May 10, 2013

City officials to consider change to burn ordinance

Ordinance would allow campfires and burning farm materials.

by Caitlin Huston

LOGANSPORT — City officials are working on changing an ordinance to allow campfires within city limits and the burning of farm materials in potentially annexed areas.

Mayor Ted Franklin said they want to change the ordinance, which currently allows only contained fires for cooking purposes, so that residents are able to light campfires of wood materials. Due to concerns from local farmers, Franklin said the ordinance would also allow the burning of some materials on county lands that may be annexed into the city.

Since 2004, the city’s burn ordinance has mandated that fires can be lit within the city only if they’re being used for cooking purposes.

That means that campfire or fires within a fire pit were not permitted, according to Franklin.

“We’re trying to overcome that,” Franklin said.

The new ordinance, which Franklin said he expects to bring up before the June city council meeting, would allow more “discretion” in burning firewood materials so residents could have contained recreational campfires.

But, the same rules would stay in place so that the burning of trash, leaves and other items like housing materials would be prohibited.

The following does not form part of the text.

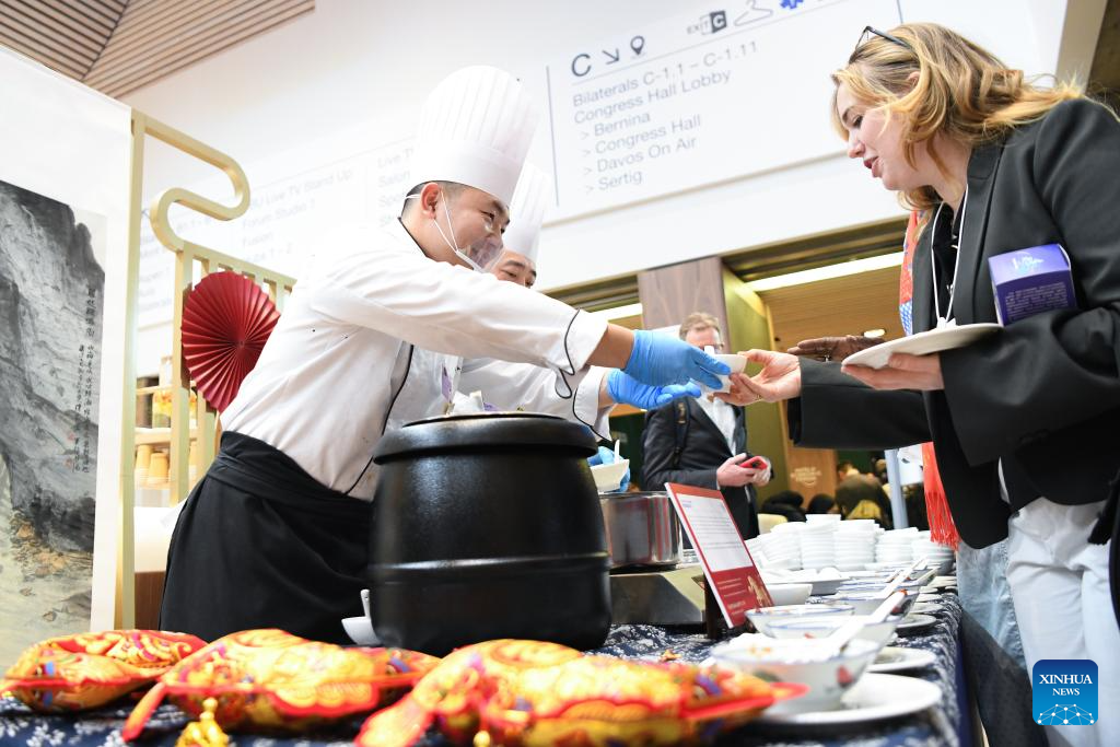 Participants taste Chinese cuisine during the "Dalian Night" reception at the World Economic Forum (WEF) Annual Meeting 2026 in Davos, Switzerland, Jan. 20, 2026. Northeast China's coastal city of Dalian held a reception here on Tuesday evening, featuring music performances and local gourmet cuisine. Dalian will host the WEF's Annual Meeting of the New Champions 2026, also known as the Summer Davos, in June. (Xinhua/Lian Yi)

Though the Logansport Fire Department routinely has calls about illegal burning of non-wood materials, Fire Chief Mark Strong said small campfires within a pit or enclosure should be allowed.

“I’ve always felt there’s no problem with having a campfire,” Strong said.

In the county, residents are allowed to burn wood materials, brush and leaves, but they’re not allowed to burn anything petroleum-based, and fires are supposed to be contained, according to Rex Danely, district lieutenant with the New Waverly Fire Department.

“If they burn, even outside the city limits, it’s supposed to be contained or in a pit,” Danely said.

To help address concerns from farmers in the county who may have land annexed into the city, Franklin said they’re also including a provision in the ordinance to allow the burning of fence rows and other vegetation on “land owned for agricultural use.”

“We certainly want to make sure that they’re given every opportunity to be successful as they can,” Franklin said.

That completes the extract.